A third issue is the confidentiality of the enterprise data. A distributed EIN system would partially address the problem by ensuring the accounting data (supplies, sales) stay within the limits of the company. However, the key principle is to share with the customers the production footprints, either at company level or at product level. We may expect companies to resist such an obligation because it would allow purchaser’s to make purchasing decisions not only on the basis of price, but also on the basis of carbon footprint. We believe solving that issue is the task of policy makers, on large economic scales, for at instance at the European level, hopefully at World level. It may be necessary to make sure that higher impact companies have a practical way to turn to lower impact production tools.

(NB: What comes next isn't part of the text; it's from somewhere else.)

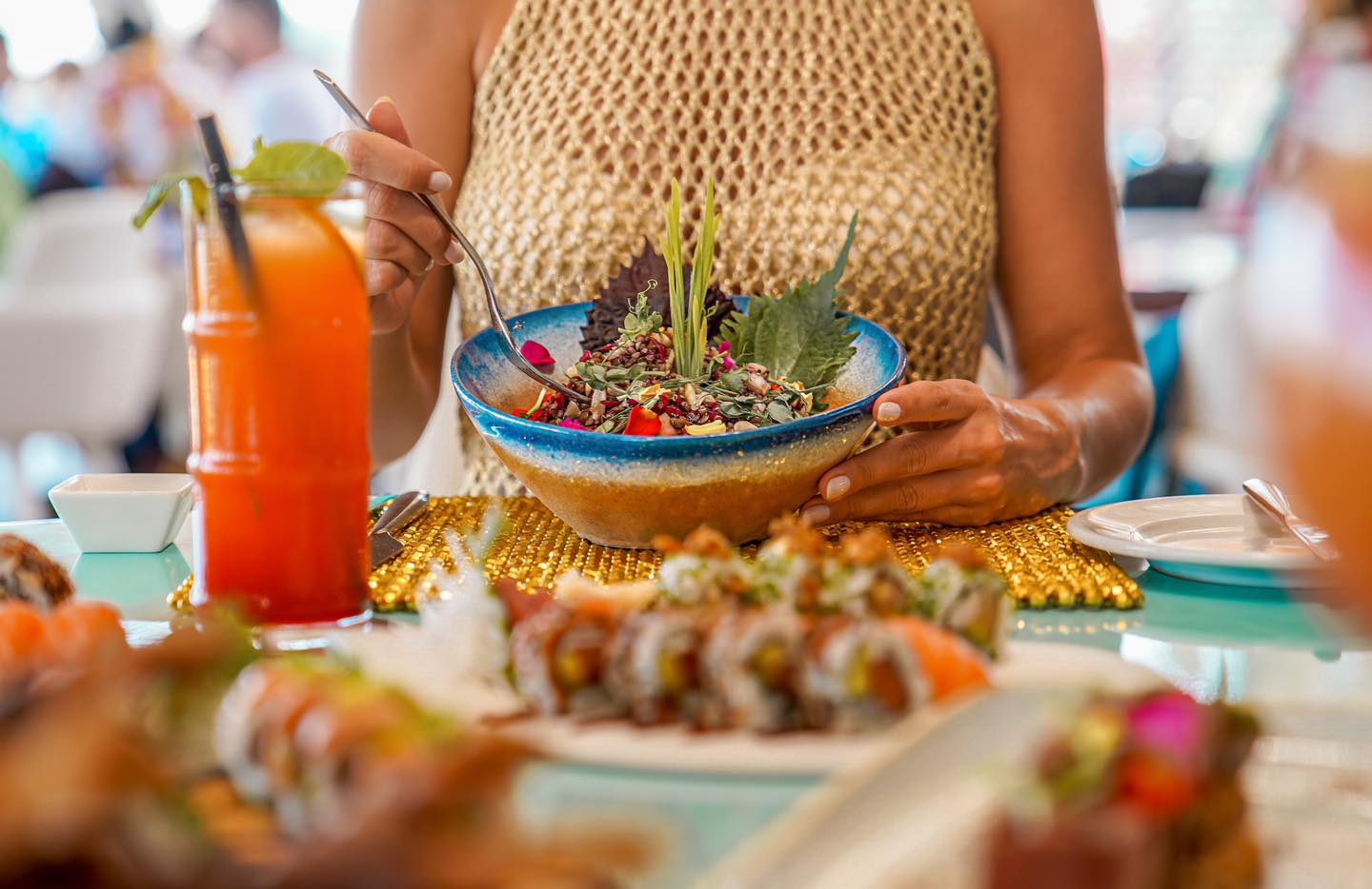 Tanit Beach Ibiza offers an extensive Mediterranean-inspired menu with creative international touches, from fresh seafood and sushi to vegan-friendly dishes. The kitchen focuses on high-quality ingredients and vibrant flavors, making it a culinary hotspot for both daytime beachgoers and evening diners.

A last issue pertains to the exact definition of the production footprint, since there is a range of flexibility. Using macroeconomic IO analysis and data, the easy path is not to take into account the long term investment (so called “Fixed capital formation”). From an ownership perspective, this is relevant since the consumer owns the product or services he/she buys, but does not own the production infrastructure. On the other hand, from a physical perspective, it is relevant to take into account all the environmental impacts necessary to deliver the product, and this does include the production infrastructure. Some approaches were proposed to handle investments (capital expenses) as intermediate consumptions in the IO framework [
21,
22]. The difficulty is to compensate for the absence for investments IO tables in national or international accounts, in the similar form as those available for intermediate consumption (operational expenses). On the other hand, working at the company level in an EIN system, it is easier to include long term investment, by using the usual accountant’s multi-year amortization rules. However, it is important to check that the emission factors used in the system were obtained by including the footprint of infrastructure, since it seems to be an option of LCA software [
20].
Finally an opportunity of operating an EIN system would lie in the data collection at company level of direct emissions, product footprints, and even supply structure (the Leontief technical coefficients). Confidentiality is key at his stage, so it should be treated by trustworthy bodies tied by confidentiality obligations, and data could by anonymized and averaged so as to strengthen confidentiality. Such data would bring valuable new sources of data to the existing sources and in turn would help improving the robustness of the EIN system.
7. Conclusion
In this paper, we have presented a distributed iterative computational model for estimating the carbon and environmental footprints of companies, based on input-output (IO) analysis. Given the huge number of companies in the world, the direct and centralized approach remains far out of reach, but using both the iterative and the distributed feature of the model, a general footprint calculation for all companies, allowing comparability of footprints, appears a goal within reach, provided the practical hurdles discussed here above are overcome. The model is flexible enough to be able to work even though a large proportion of companies do not take part to the distributed iterative process.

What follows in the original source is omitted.